Study of Evobrutinib in Participants With RMS

Status:
Terminated

Trial end date:
2020-05-20

Target enrollment:
0

Participant gender:
All

Summary

The study was to evaluate the efficacy and safety of evobrutinib administered orally twice daily versus Interferon-beta-1a (Avonex®), once a week intramuscularly in participants with Relapsing Multiple Sclerosis (RMS).

Phase:

Phase 3

Accepts Healthy Volunteers?

Details

Lead Sponsor:

EMD Serono Research & Development Institute, Inc.

Collaborator:

Merck KGaA, Darmstadt, Germany

Treatments:

Interferon beta-1a
Interferon-beta
Interferons

Criteria

Inclusion Criteria:

- Participants diagnosed with RMS (relapsing-remitting multiple sclerosis [RRMS] or
secondary progressive multiple sclerosis [SPMS] with relapses) in accordance with 2017
Revised McDonald criteria (Thompson 2018).
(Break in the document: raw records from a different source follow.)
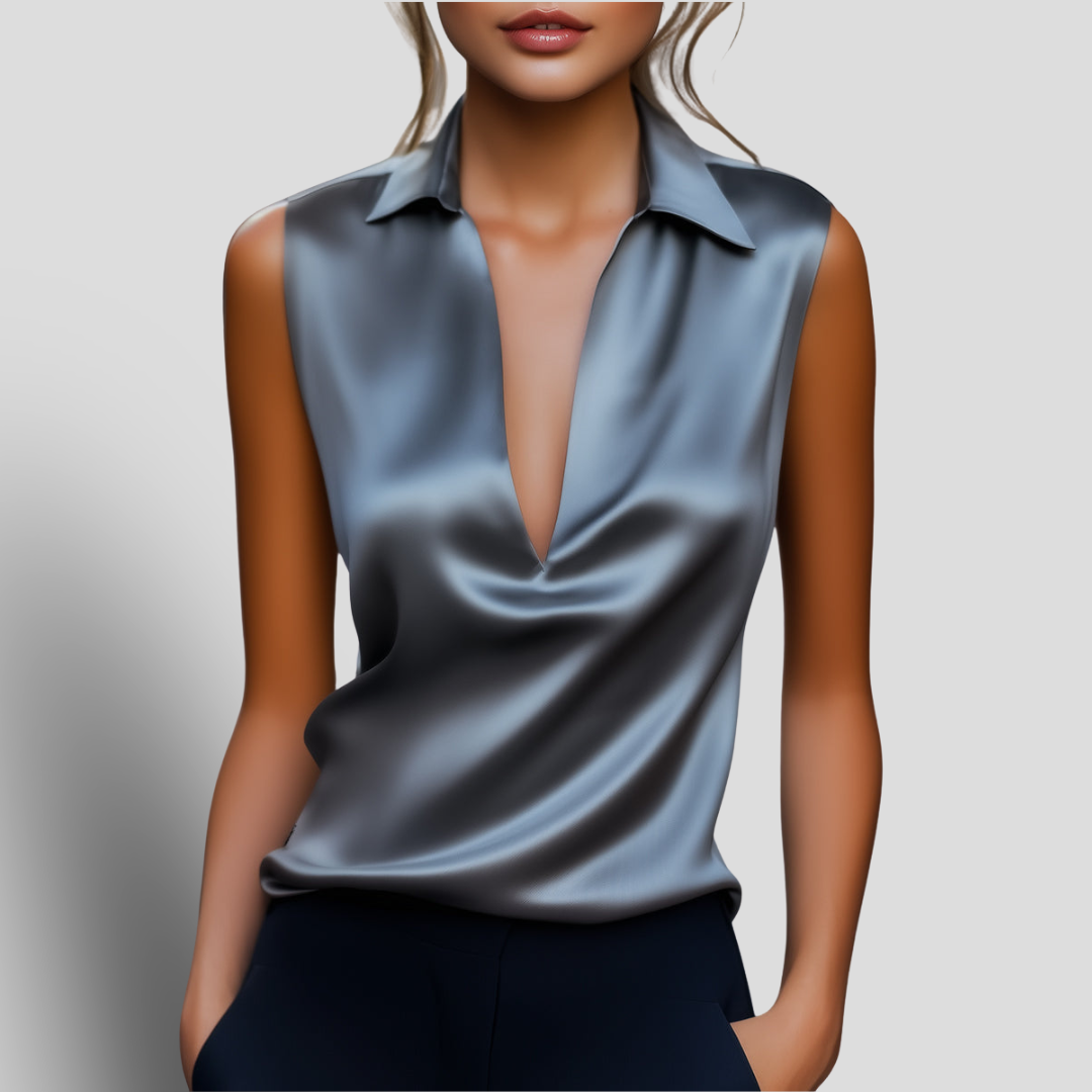 AMBRE PARIS présente ce haut en satin gris épuré pour sublimer votre allure sophistiquée. Adoptez une élégance moderne avec ce modèle fluide, doté d'un décolleté plongeant élégant et d'un col minimaliste. Le tissu en satin lisse drape magnifiquement la silhouette, offrant une touche de sophistication et d'allure.
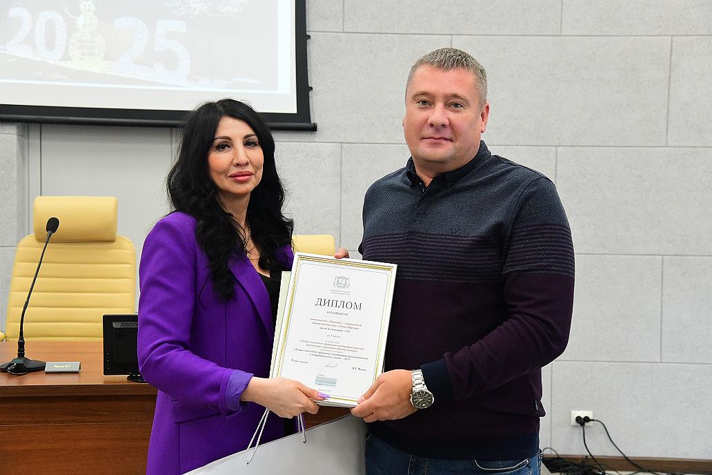 Накануне в администрации города Барнаула состоялось торжественное награждение победителей ежегодного конкурса «Лучшее новогоднее оформление предприятий промышленности и потребительского рынка – 2025». Председатель комитета по развитию предпринимательства, потребительскому рынку и вопросам труда администрации города Наталья Кротова вручила дипломы участникам встречи и поблагодарила от имени главы города Вячеслава Франка за создание праздничной новогодней атмосферы на территории Барнаула.
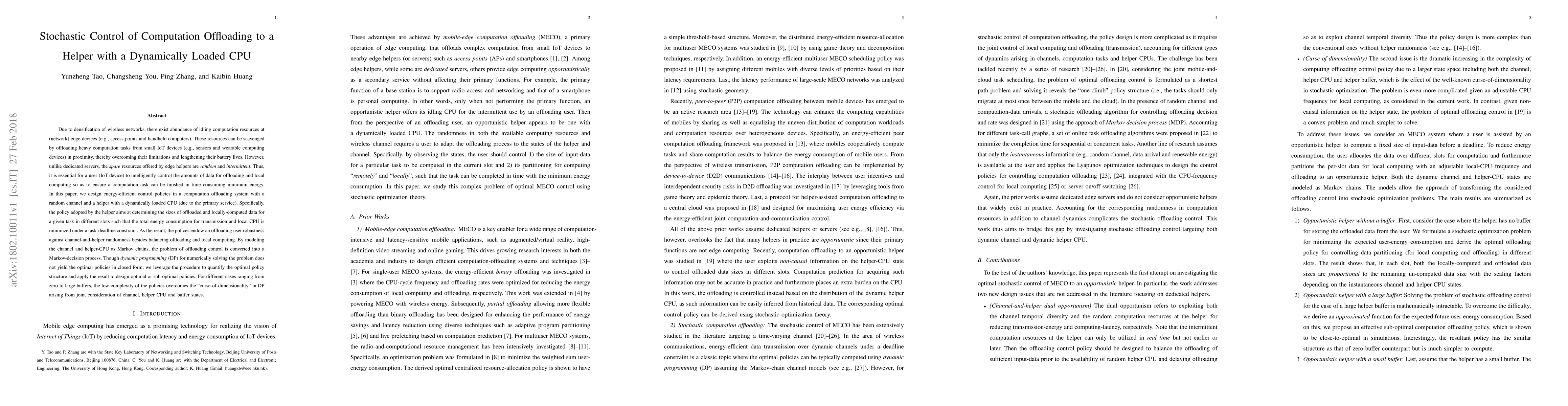 Due to densification of wireless networks, there exist abundance of idling computation resources at edge devices. These resources can be scavenged by offloading heavy computation tasks from small IoT devices in proximity, thereby overcoming their limitations and lengthening their battery lives. However, unlike dedicated servers, the spare resources offered by edge helpers are random and intermittent. Thus, it is essential for a user to intelligently control the amounts of data for offloading and local computing so as to ensure a computation task can be finished in time consuming minimum energy. In this paper, we design energy-efficient control policies in a computation offloading system with a random channel and a helper with a dynamically loaded CPU. Specifically, the policy adopted by the helper aims at determining the sizes of offloaded and locally-computed data for a given task in different slots such that the total energy consumption for transmission and local CPU is minimized under a task-deadline constraint. As the result, the polices endow an offloading user robustness against channel-and-helper randomness besides balancing offloading and local computing. By modeling the channel and helper-CPU as Markov chains, the problem of offloading control is converted into a Markov-decision process. Though dynamic programming (DP) for numerically solving the problem does not yield the optimal policies in closed form, we leverage the procedure to quantify the optimal policy structure and apply the result to design optimal or sub-optimal policies. For different cases ranging from zero to large buffers, the low-complexity of the policies overcomes the "curse-of-dimensionality" in DP arising from joint consideration of channel, helper CPU and buffer states.
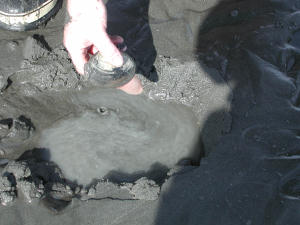 Don said he learned a new technique that day of taking little scoops of sand at a time until the neck of the clam was visible - the plunging his hand in the sand and feeling around for the clam. Some of them pulled pretty hard trying to stay in the sand. The main clam found on this beech is razor clams 4" to 6" although some get as big as 8". Limit was 45 clams per day. Also picked up were butter clams, little neck clams and cockles. It is a big beech and there may have been 200 people out that day. The parking area had about 100 cars. |
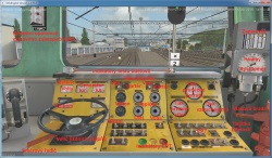 Po načtení simulátoru se nacházíme na lokomotivě v kabině směřující k vagónům.
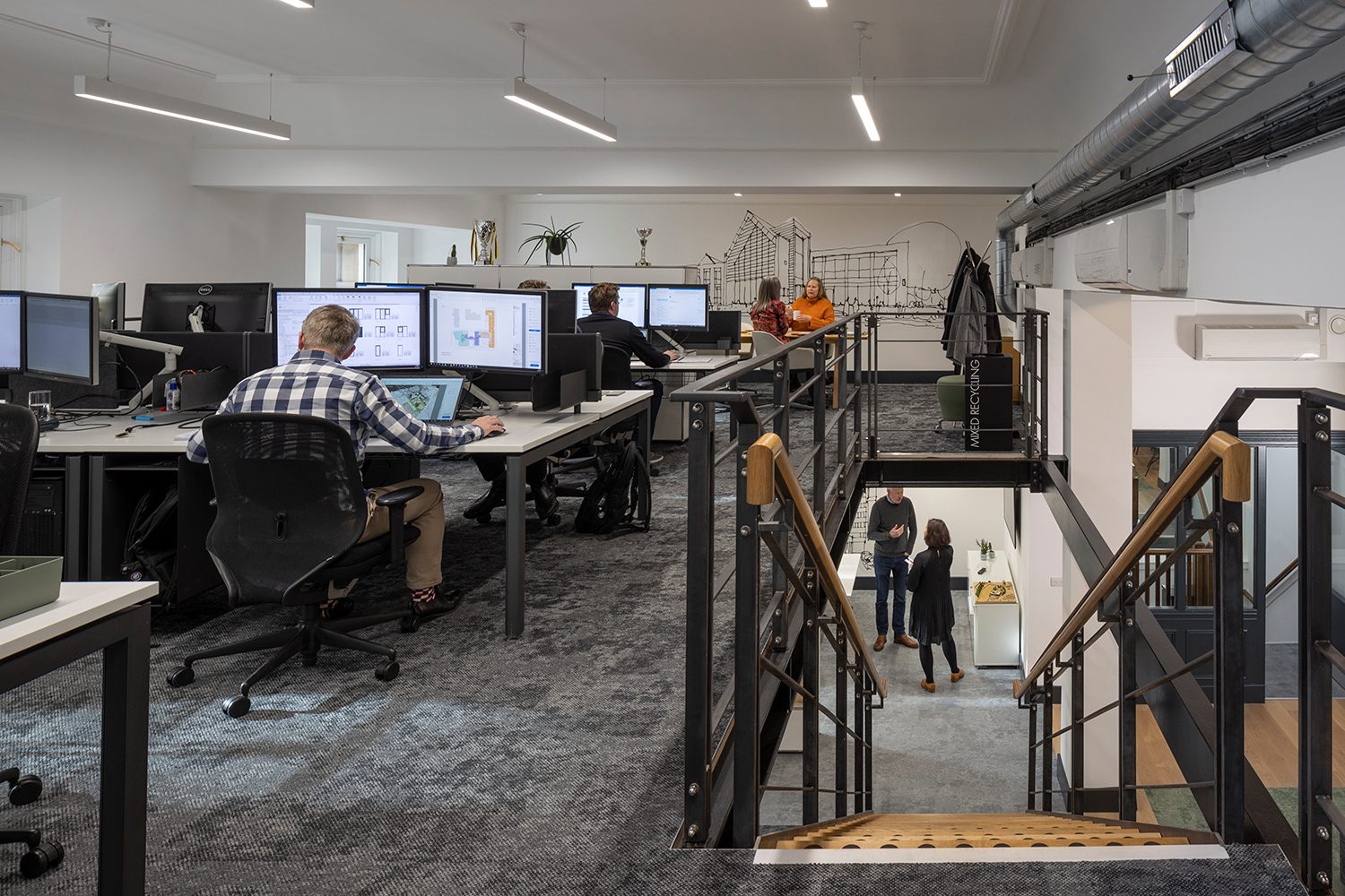 With its front door situated on Bank Place, CPMG’s new studio occupies a building that was formerly a banking HQ and then a restaurant before lying vacant for three years until we took it on. It’s high ceilings, generous glazing and large volume permitted the introduction of a mezzanine where the design studio, associated project storage, personal storage toolboxes and informal meeting space is located.

- Participants with one or more documented relapses within the 2 years before Screening
with either: a. one relapse which occurred within the last year prior to
randomization, OR b. the presence of at least 1 gadolinium-enhancing (Gd+) T1 lesion
within 6 months prior to randomization.

- Participants have EDSS score of 0 to 5.5 at Baseline. Participants with an EDSS score
<= 2 at screening are only eligible for participation if their disease duration (time
since onset of symptoms) is no more than 10 years.

- Participants are neurologically stable for >= 30 days prior to both screening and
baseline.

- Female participants must be neither pregnant nor breast-feeding and must lack
child-bearing potential, as defined by either: post-menopausal or surgically sterile
or use an effective method of contraception for the duration of the study.

- Participants have given written informed consent prior to any study-related procedure.

- Other protocol defined inclusion criteria could apply

Exclusion Criteria:

- Participants diagnosed with Progressive MS, in accordance with the 2017 Revised
McDonald criteria as follows: a). Participants with Primary Progressive MS. b).
Participants with secondary progressive MS without evidence of relapse.

- Disease duration more than (>) 10 years in participants with an EDSS =< 2.0 at
screening.

- Immunologic disorder other than MS, or any other condition requiring oral, intravenous
(IV) , intramuscular, or intra-articular corticosteroid therapy, with the exception of
well-controlled Type 2 diabetes mellitus or well controlled thyroid disease.

- Other protocol defined exclusion criteria could apply.